The final test that newfys are screened for is Cystinuria (CU). This is a kidney problem that involves a defect that reduces the kidneys ability to absorb cystine, this can lead to chronic urine problems and cystine stones, and is one of the easier ones to screen for – if both parents have been tested CLEAR then your pup is clear of the problem.
Here at Inkomo we only breed from CU clear dogs so all of your puppies will be CU clear. Some kennels (and there is nothing wrong with this) will breed from carriers.
If you breed a carrier to a clear then your pups will either be carrier or clear – again if you are not breeding from your puppy you do not need to do this test as your dog will not get it.
If there is still anyone out there that hasn’t got the memo, buying your puppy from unlicensed and un-health tested parents could be a problem, this is a bigger problem in Newfy’s with American breeding, but with the wonder that is air travel and the ease with which dogs can be transported it is still at least something to be aware of in the UK. Below is an chart to give you an idea.

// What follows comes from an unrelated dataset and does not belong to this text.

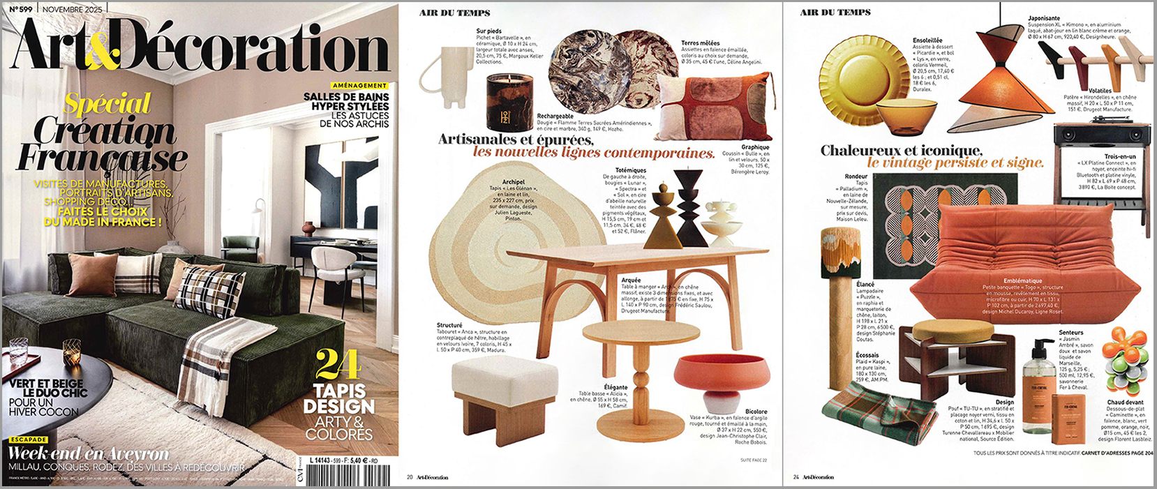 Retrouvez la table de repas ARCH et la patère HIRONDELLES dans le magazine Arts et Décoration de Novembre 2025

Again don’t panic as long as you are not breeding from your dog then clear or carrier is not a problem. CU is treatable in many cases, although some dogs may die as a result of kidney or urine complications this is rare and with modern veterinary medicine it is not common.
Sire Dam Offspring
Clear x Clear > 100% Clear
clear x carrier > 50% Clear + 50% carrier
clear x affected > 100% carrier
carrier x Clear > 50% Clear + 50% carriers
carrier x carrier > 25% clear + 25% affected + 50% carriers
carrier x affected > 50% carriers + 50% affected
affected x Clear > 100% carriers
affected x carrier > 50% carriers + 50% affected
affected x affected > 100% affected
The good thing about CU is that it is notifyable to the Kennel Club – this means that when we as breeders test our dogs the lab that has done the test also sends the results to the KC, there is no negotiation on this matter it is simply done, so you as a breeder can see the status of your puppy by looking at the KC papers and it will say CU clear. As an aside the KC does not recognise foreign KC CU results, this means that if for example your puppies sire was from Germany and is CU clear it will not show on the UK KC papers – at Inkomo we screen our dogs to make it simpler for puppy buyers and future breeders but not all kennels do, sometimes you will just have to ask your breeder about the CU status and ask to see the certificate saying it is clear. If in doubt or they refuse to show you, walk away, no puppy or breeder is above showing this information.